The lookup of development binaries from the current process execution location
proves to be problematic as it adds ambiguity to what locations are being
considered. Specifically, when /usr/bin/snap asks about an internal tool, the
lookup may incorrectly return /usr/bin/foo instead of /usr/lib/snapd/foo if
/usr/bin/foo happens to exist and is executable.

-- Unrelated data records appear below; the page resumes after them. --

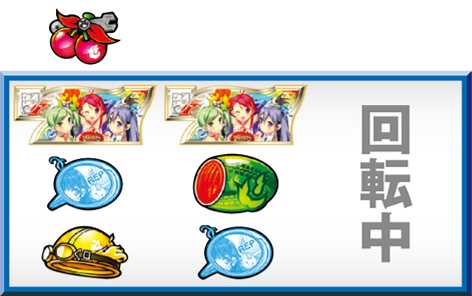 | ベル<弱スイカ<弱チェリー<強チェリー<強スイカ<チャンス目B<チャンス目A<中段チェリー | |||
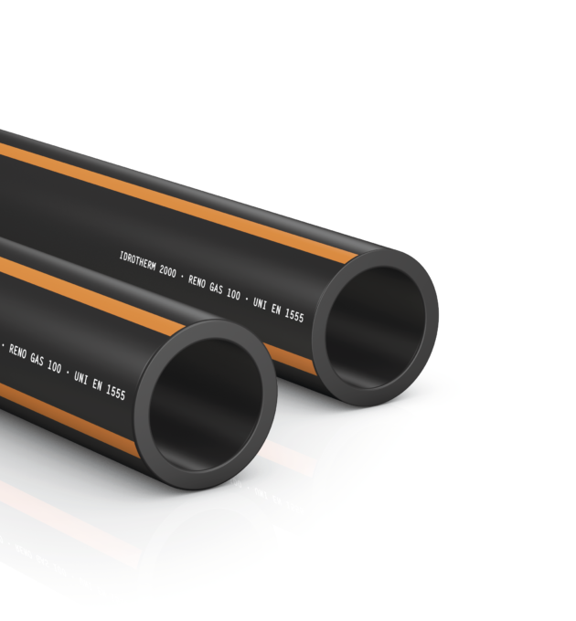 I tubi in polietilene PE100 Reno GAS 100 sono prodotti con polietilene PE100 (MRS 10 MPa) ed hanno caratteristiche conformi allo standard EN 1555, il cui campo di applicazione prevede la distribuzione dei combustibili gassosi.
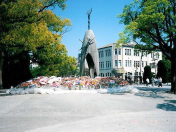 特にその中でも、原爆の子の像は、千羽鶴を折れば白血病が治ると信じて亡くなった人を悼んでで立てられた像で、たくさんの折鶴が備えられていて、人々の悲しみを誘う。 |
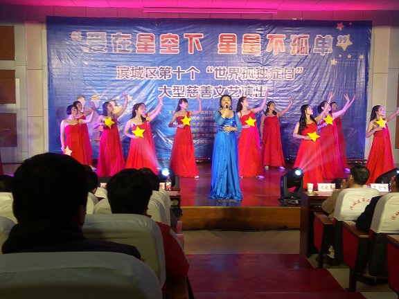 演出伊始,屏幕上播放的短片介绍了自闭症儿童的现状及金钥匙儿童康复中心的概况,使更多的人了解了自闭症儿童与金钥匙儿童康复中心。德赢官网志愿者团队的歌伴舞《星星的孩子》,以优美的旋律,轻柔的舞姿向观众们表达了不歧视、不嘲讽“星星的孩子”的愿望以及对自闭症儿童能够像正常孩子一样生活的美好祝福。
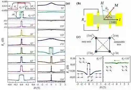 (a) 不同磁场角度下的平面霍尔效应;(b) 转角平面霍尔测量结构示意图;(c)平面磁各向异性示意图。

Signed-off-by: Maciej Borzecki <maciej.borzecki@canonical.com>

* sandbox/apparmor: more logging when checking apparmor_parser candidates

Signed-off-by: Maciej Borzecki <maciej.borzecki@canonical.com>

* secboot: improve mocking of snap-fde-keymgr

Improve the mocking of snap-fde-keymgr such that the tool is indeed mocked at
the right location.

Signed-off-by: Maciej Borzecki <maciej.borzecki@canonical.com>

* cmd/snap: log errors when waiting for snapd to regenerate profiles

Signed-off-by: Maciej Borzecki <maciej.borzecki@canonical.com>

---------

Signed-off-by: Maciej Borzecki <maciej.borzecki@canonical.com>
---
 cmd/snap/cmd_run.go          |  2 ++
 sandbox/apparmor/apparmor.go |  4 ++++
 secboot/encrypt_sb_test.go   | 14 ++++++++------
 snapdtool/tool_linux.go      |  7 -------
 snapdtool/tool_test.go       |  4 ++--
 5 files changed, 16 insertions(+), 15 deletions(-)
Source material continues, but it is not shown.